Apple Cash security
In iOS 11.2 or later, iPadOS 13.1 or later, and watchOS 4.2 or later, Apple Cash can be used on an iPhone, iPad or Apple Watch to send, receive and request money from other users. When a user receives money, it’s added to an Apple Cash account that can be accessed in Apple Wallet or within Settings > Wallet & Apple Pay across any of the eligible devices the user has signed in with their Apple ID.
In iOS 14, iPadOS 14 and watchOS 7, the organiser of an iCloud family who has verified their identity with Apple Cash can enable Apple Cash for their family members under the age of 18. Optionally, the organiser can restrict the money sending capabilities of these users to family members only or contacts only. If the family member under the age of 18 goes through an Apple ID account recovery, the organiser of the family must manually re-enable the Apple Cash card for that user. If the family member under the age of 18 is no longer part of the iCloud family, their Apple Cash balance is automatically transferred to the organiser’s account.
When the user sets up Apple Cash, the same information as when the user adds a credit or debit card may be shared with our partner bank Green Dot Bank and with Apple Payments Inc., a wholly owned subsidiary created to protect the user’s privacy by storing and processing information separately from the rest of Apple and in a way that the rest of Apple doesn’t know. This information is used only for troubleshooting, fraud prevention and regulatory purposes.
Using Apple Cash in iMessage
To use person-to-person payments and Apple Cash, a user must be signed in to their iCloud account on an Apple Cash–compatible device and have two-factor authentication set up on the iCloud account. Money requests and transfers between users are initiated from within the Messages app or by asking Siri. When a user attempts to send money, iMessage displays the Apple Pay sheet. The Apple Cash balance is always used first. If necessary, additional funds are drawn from a second credit or debit card the user has added to Apple Wallet.
Using Apple Cash in shops, apps and on the web
The Apple Cash card in Apple Wallet can be used with Apple Pay to make payments in shops, in apps and on the web. Money in the Apple Cash account can also be transferred to a bank account. In addition to money being received from another user, money can be added to the Apple Cash account from a debit or pre-paid card in Apple Wallet.

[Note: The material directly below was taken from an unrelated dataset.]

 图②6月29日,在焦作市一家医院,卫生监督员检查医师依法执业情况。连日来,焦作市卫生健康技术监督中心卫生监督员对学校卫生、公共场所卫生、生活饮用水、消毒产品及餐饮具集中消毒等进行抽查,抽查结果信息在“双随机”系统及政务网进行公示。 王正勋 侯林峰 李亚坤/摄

Apple Payments Inc. stores and may use, the user’s transaction data for troubleshooting, fraud prevention and regulatory purposes once a transaction is completed. The rest of Apple doesn’t know who the user sent money to, received money from or where the user made a purchase with their Apple Cash card.

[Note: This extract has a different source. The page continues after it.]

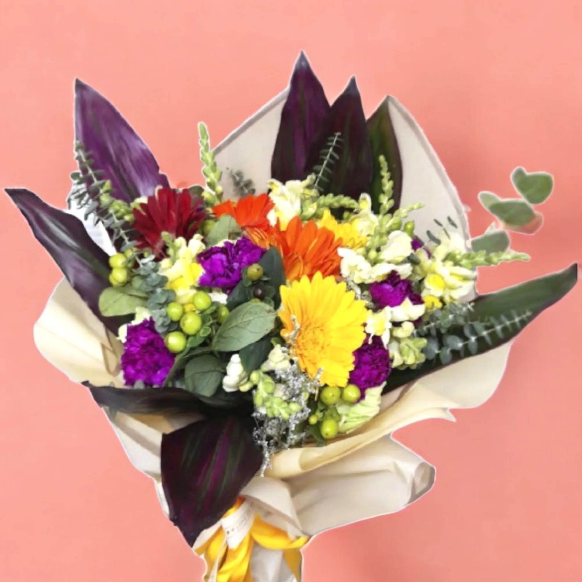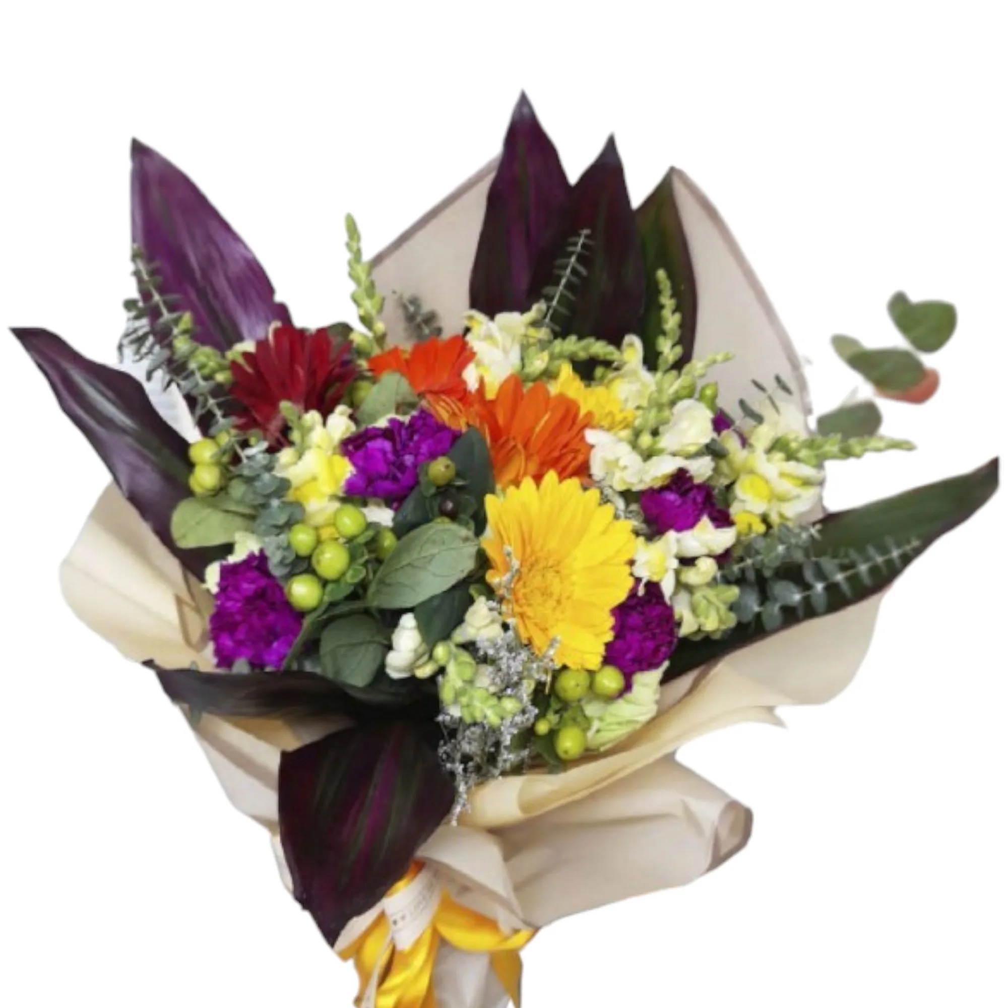 ramillete elaborado en gerberas, boca de dragón, eucalipto, ipérico verde, caspia, hoja de carey, clavellina.

When the user sends money with Apple Pay, adds money to an Apple Cash account or transfers money to a bank account, a call is made to the Apple Pay servers to obtain a cryptographic anti-replay value, which is similar to the value returned for Apple Pay within apps. The anti-replay value, along with other transaction data, is passed to the Secure Element to compute a payment signature. The signature is returned to the Apple Pay servers. The authentication, integrity and correctness of the transaction are verified through the payment signature and the anti-replay value by Apple Pay servers. Money transfer is then initiated and the user is notified of a completed transaction.

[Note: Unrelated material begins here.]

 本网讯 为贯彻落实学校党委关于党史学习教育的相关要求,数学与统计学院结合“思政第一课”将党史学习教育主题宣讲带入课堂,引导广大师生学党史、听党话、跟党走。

If the transaction involves:
A debit card for adding money to Apple Cash
Providing supplemental money if the Apple Cash balance is insufficient
An encrypted payment credential is also produced and sent to Apple Pay servers, similar to how Apple Pay works within apps and websites.
After the balance of the Apple Cash account exceeds a certain amount or if unusual activity is detected, the user is prompted to verify their identity. Information provided to verify the user’s identity — such as social security number or answers to questions (for example, to confirm a street name the user lived on previously) — is securely transmitted to the Apple partner and encrypted using their key. Apple can’t decrypt this data. The user is prompted to verify their identity again if they perform an Apple ID account recovery, before regaining access to their Apple Cash balance.